Slow to modest economic growth worldwide for the rest of this decade.
Oil prices to continue to see upward pressure from a demand vs supply imbalance. Which is why I continue to hold a lot of oil and gas stocks. These companies continue to pay down or pay off their debt, while increasing share buybacks and dividends. 20% free cash flow at $80 WTI; add or subtract 5% for each $10 WTI.
worleyeoe
worleyeoe
1 year ago
Very good analysis, Mish!
I would also add housing and new car price appreciation. Both are financed over 5-30 years in most cases. Ever increasing prices are locking people into high, long-term payments. Over the last few months, the general trend of 30YFRM has been down. Over the 2023, one of two things are likely to happen as it relates to housing appreciation, inflation & the economy.

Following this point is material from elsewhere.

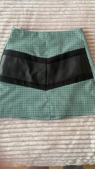 Falda con estampado de cuadros y detalle en polipiel. - Diseño de cuadros pequeños en verde y negro. - Panel central en polipiel negra. - Corte moderno y favorecedor.

The soft-landing alternative means core PCE inflation drops to 3.5-4%, levels off and the fed stops raising the FFR around 5.25 to 5.5%. Then that shallow recession you speak of hits and solves the inflation problem by mid 2024, including a nationwide drop in housing prices of about 8-12%.
To me the more likely scenario is that we have somewhat of a soft-landing and then we have the rebound of inflation by early 2024. This means the Fed would then have to raise the FFR up to at least 7% to really put the brakes on the economy, creating a significant recession with unemployment rising to at least 6% by late 2024 and then staying there well into 2025. This outcome leads to the much needed 25-30% drop in housing, unless the Uncle Sam trots out rent & mortgage relief again.